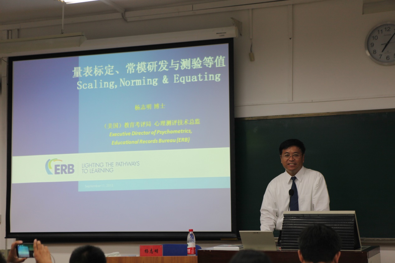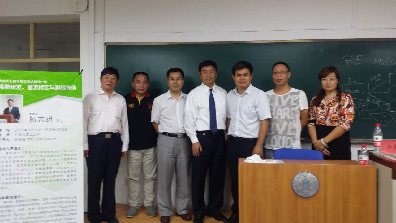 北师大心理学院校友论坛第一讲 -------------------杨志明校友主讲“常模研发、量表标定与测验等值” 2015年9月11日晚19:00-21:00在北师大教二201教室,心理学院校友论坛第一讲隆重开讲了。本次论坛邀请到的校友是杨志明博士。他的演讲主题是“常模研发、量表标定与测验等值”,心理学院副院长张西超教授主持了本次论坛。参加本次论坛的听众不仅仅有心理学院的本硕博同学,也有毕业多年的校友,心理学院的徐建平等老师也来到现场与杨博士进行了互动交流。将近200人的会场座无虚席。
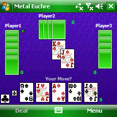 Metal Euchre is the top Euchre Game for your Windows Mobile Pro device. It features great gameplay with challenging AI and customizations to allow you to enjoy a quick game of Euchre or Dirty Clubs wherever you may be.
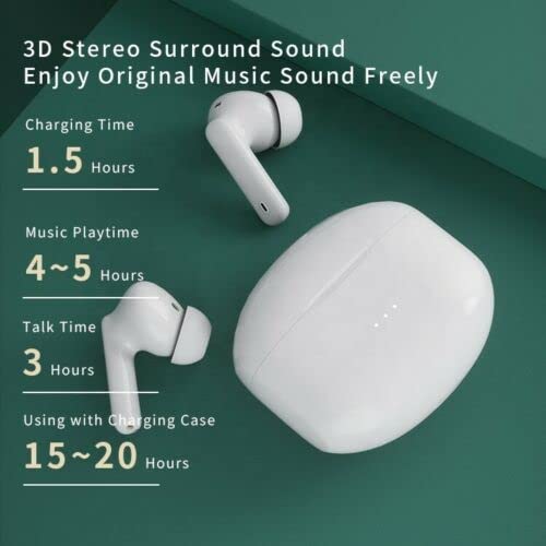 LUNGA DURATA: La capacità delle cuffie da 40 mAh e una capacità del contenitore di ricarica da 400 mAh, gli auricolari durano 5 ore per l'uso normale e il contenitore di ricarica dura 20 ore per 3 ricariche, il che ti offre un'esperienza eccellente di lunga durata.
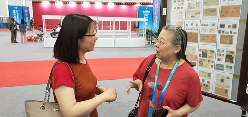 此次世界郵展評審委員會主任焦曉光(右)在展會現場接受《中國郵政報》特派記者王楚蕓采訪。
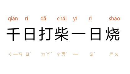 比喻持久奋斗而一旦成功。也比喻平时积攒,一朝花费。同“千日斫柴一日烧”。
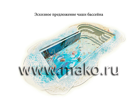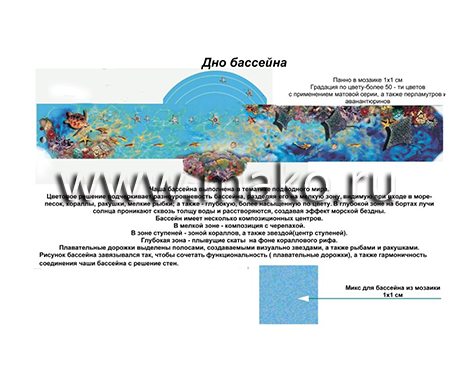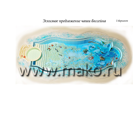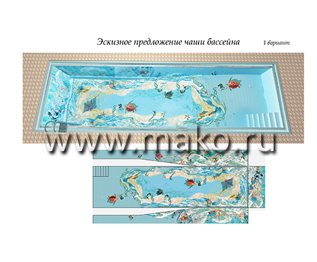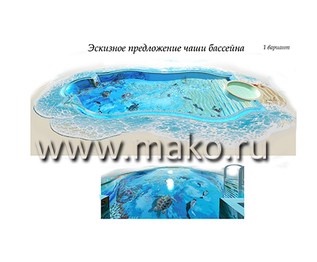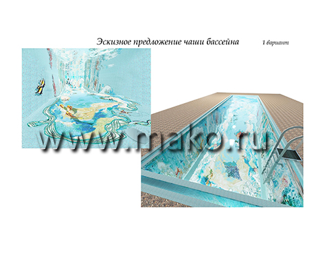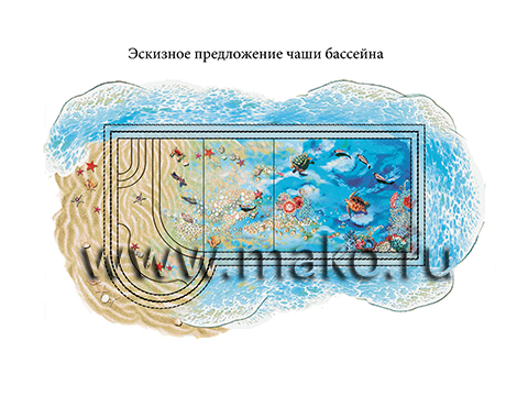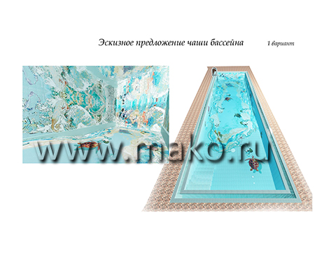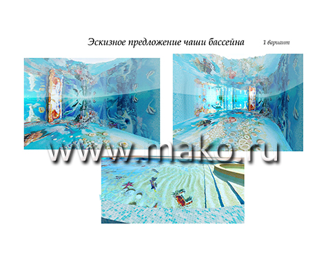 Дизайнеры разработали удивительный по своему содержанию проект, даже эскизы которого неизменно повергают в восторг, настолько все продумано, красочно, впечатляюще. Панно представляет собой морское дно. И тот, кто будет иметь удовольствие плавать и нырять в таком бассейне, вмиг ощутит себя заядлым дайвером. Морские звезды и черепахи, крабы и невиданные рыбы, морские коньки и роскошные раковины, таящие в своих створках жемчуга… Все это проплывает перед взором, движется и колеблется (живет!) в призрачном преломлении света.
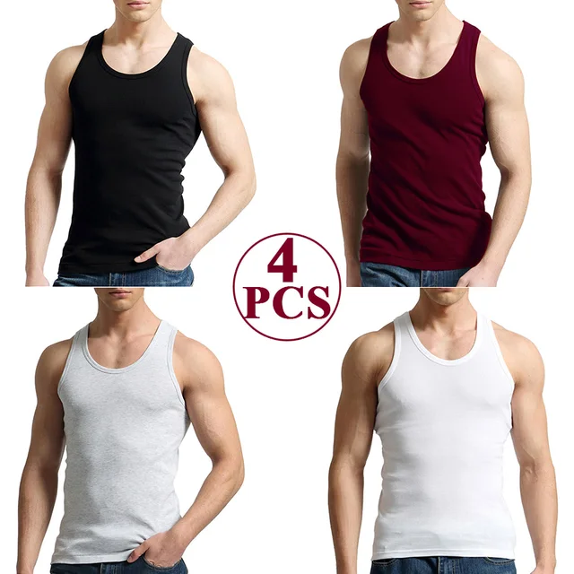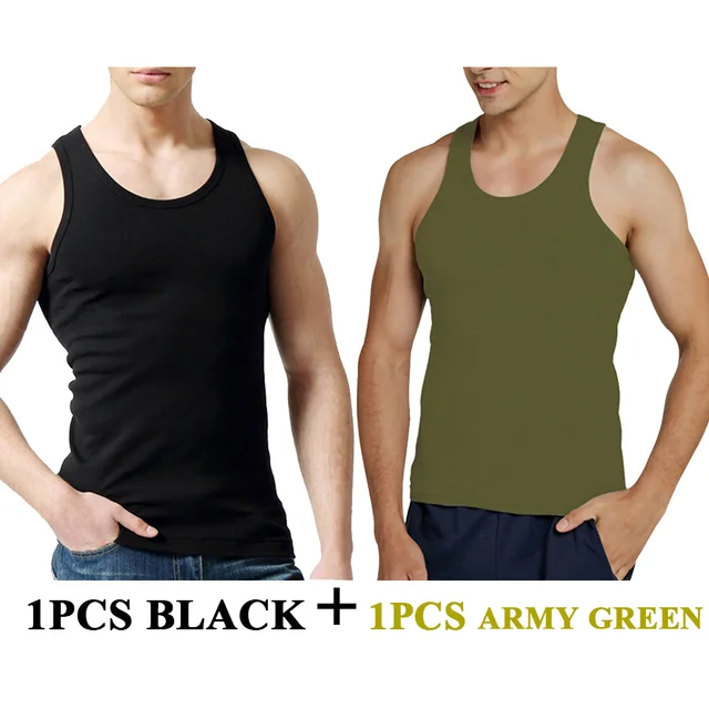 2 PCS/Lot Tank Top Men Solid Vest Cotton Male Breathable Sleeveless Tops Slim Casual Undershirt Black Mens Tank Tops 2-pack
****************************************
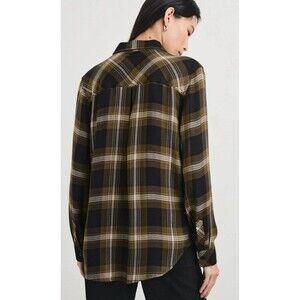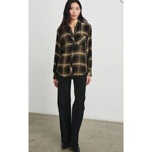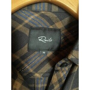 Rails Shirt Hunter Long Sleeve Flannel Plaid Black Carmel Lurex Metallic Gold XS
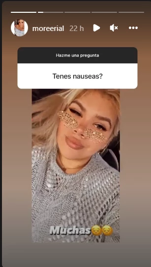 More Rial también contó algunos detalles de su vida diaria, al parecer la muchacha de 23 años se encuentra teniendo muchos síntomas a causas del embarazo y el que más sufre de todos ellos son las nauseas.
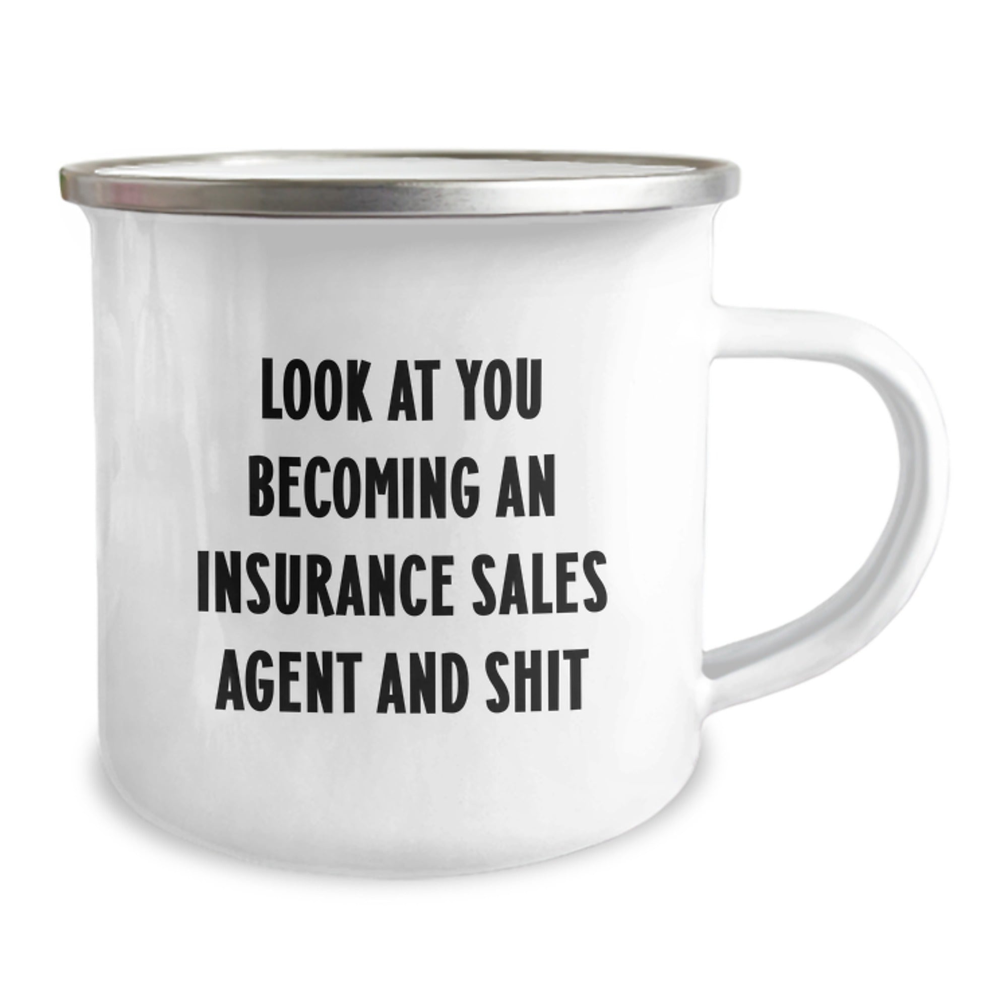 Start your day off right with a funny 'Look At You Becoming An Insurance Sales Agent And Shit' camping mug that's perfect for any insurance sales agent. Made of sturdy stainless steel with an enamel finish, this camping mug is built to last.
****************************************
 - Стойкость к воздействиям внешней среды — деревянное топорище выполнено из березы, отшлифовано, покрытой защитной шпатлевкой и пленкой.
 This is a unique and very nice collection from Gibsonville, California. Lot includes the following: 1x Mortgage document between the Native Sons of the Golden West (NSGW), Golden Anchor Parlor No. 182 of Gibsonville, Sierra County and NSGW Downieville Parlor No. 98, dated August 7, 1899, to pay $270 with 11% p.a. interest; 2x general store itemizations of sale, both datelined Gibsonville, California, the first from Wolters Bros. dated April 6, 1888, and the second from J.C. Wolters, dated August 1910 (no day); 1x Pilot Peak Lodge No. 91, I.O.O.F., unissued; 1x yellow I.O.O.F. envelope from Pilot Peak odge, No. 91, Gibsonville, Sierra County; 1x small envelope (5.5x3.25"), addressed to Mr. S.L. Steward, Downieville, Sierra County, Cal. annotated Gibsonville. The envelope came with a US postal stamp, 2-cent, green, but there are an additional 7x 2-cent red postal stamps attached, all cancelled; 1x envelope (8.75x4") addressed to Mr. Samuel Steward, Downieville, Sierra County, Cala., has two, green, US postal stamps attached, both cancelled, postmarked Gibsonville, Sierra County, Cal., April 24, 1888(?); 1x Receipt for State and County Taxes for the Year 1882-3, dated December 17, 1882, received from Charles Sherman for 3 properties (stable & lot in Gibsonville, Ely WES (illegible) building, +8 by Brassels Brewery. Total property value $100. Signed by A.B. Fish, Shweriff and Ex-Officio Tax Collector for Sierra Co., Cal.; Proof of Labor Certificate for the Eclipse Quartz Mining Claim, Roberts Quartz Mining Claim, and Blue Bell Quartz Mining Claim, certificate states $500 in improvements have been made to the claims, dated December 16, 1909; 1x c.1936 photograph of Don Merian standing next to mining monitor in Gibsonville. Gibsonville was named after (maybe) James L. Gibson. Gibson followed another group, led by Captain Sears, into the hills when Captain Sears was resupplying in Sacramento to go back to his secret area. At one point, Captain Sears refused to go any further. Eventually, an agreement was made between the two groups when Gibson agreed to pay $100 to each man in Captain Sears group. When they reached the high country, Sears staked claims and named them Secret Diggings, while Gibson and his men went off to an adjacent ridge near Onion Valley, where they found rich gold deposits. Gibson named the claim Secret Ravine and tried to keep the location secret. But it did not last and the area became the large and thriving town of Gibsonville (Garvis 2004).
****************************************
Problem to solve
From the records above, copy only the lines running from the line holding "此次世界郵展評審委員會主任焦" through the line holding "2 PCS/Lot Tank", with no pictures.

Answer for this exercise
 此次世界郵展評審委員會主任焦曉光(右)在展會現場接受《中國郵政報》特派記者王楚蕓采訪。
 比喻持久奋斗而一旦成功。也比喻平时积攒,一朝花费。同“千日斫柴一日烧”。
 Дизайнеры разработали удивительный по своему содержанию проект, даже эскизы которого неизменно повергают в восторг, настолько все продумано, красочно, впечатляюще. Панно представляет собой морское дно. И тот, кто будет иметь удовольствие плавать и нырять в таком бассейне, вмиг ощутит себя заядлым дайвером. Морские звезды и черепахи, крабы и невиданные рыбы, морские коньки и роскошные раковины, таящие в своих створках жемчуга… Все это проплывает перед взором, движется и колеблется (живет!) в призрачном преломлении света.
 2 PCS/Lot Tank Top Men Solid Vest Cotton Male Breathable Sleeveless Tops Slim Casual Undershirt Black Mens Tank Tops 2-pack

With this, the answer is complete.